ZFS 处理条带化的方式使情况变得更糟。与传统的 RAID-5 或 RAID-6 不同,ZFS 等效物 raidz 和 raidz2 强制驱动器步调一致。实际上,即使池中有 14 个驱动器,您也只能获得一个驱动器的随机 IOPS。
您应该再次测试以隔离磁盘性能。要么单独进行读取(例如同时进行几个读取:)dd if=bigfile of=/dev/null
要么尝试纯网络负载测试,例如 iPerf。
答案2
模式 0(循环)、模式 3(广播)、模式 5(balance-tlb)和模式 6(balance-alb)对于 Samba、CIFS、NFS、ISCSI 等 TCP 流来说都是糟糕的绑定模式,因为这些模式不能保证按顺序传输流量,而这正是 TCP 所依赖的,以避免 TCP 拥塞控制。
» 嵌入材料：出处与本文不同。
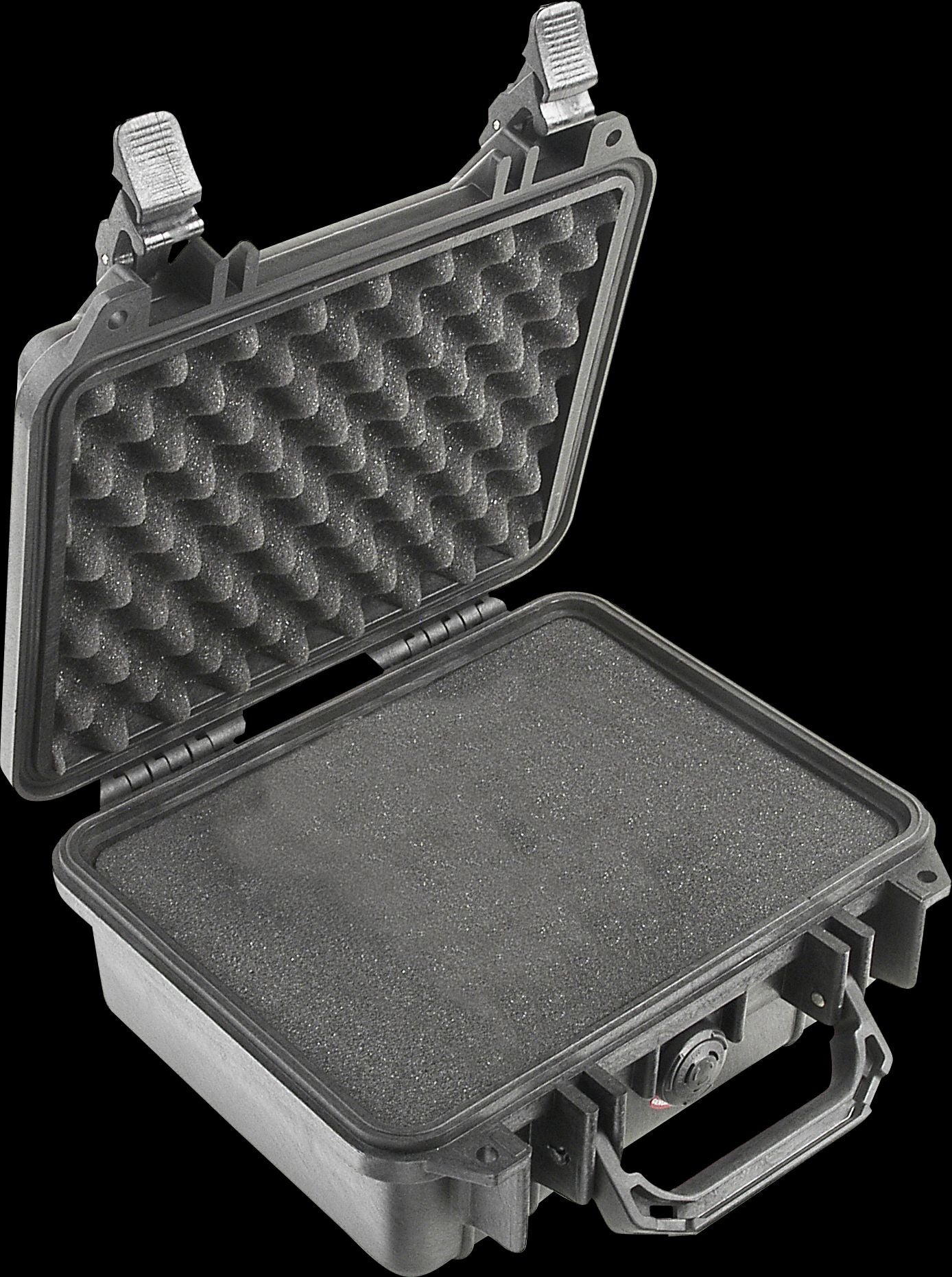 Pelican's protector small case features easy open double throw latches, open cell core with solid wall design strong and is o-ring sealed. This model also features an automatic pressure equalization valve, stainless steel hardware and pick n pluck with convoluted lid foam. Its interior dimensions are 9.30" x 7.10" x 4.10". Made in the usa.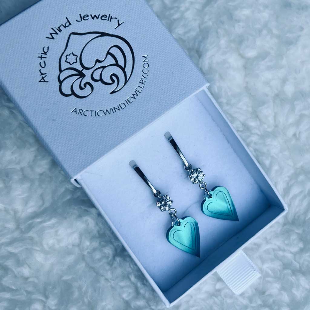 Aurora Borealis Heart Acrylic Sterling Silver 925 with Zirconia -earrings bring the magical northern winter and northern lights to you there where you ever are. These earrings are a part of the new luxury collection.

对于您需要的单个 TCP 流,您应该使用模式 1 (active-backup)、模式 2 (balance-xor) 或模式 4 (802.3ad)。您将被限制在单个从属设备的速度。没有好的方法可以在多个物理接口之间平衡单个大型 TCP 流。
如果您需要比一个从属速度更快,请获取更快的网络基础设施。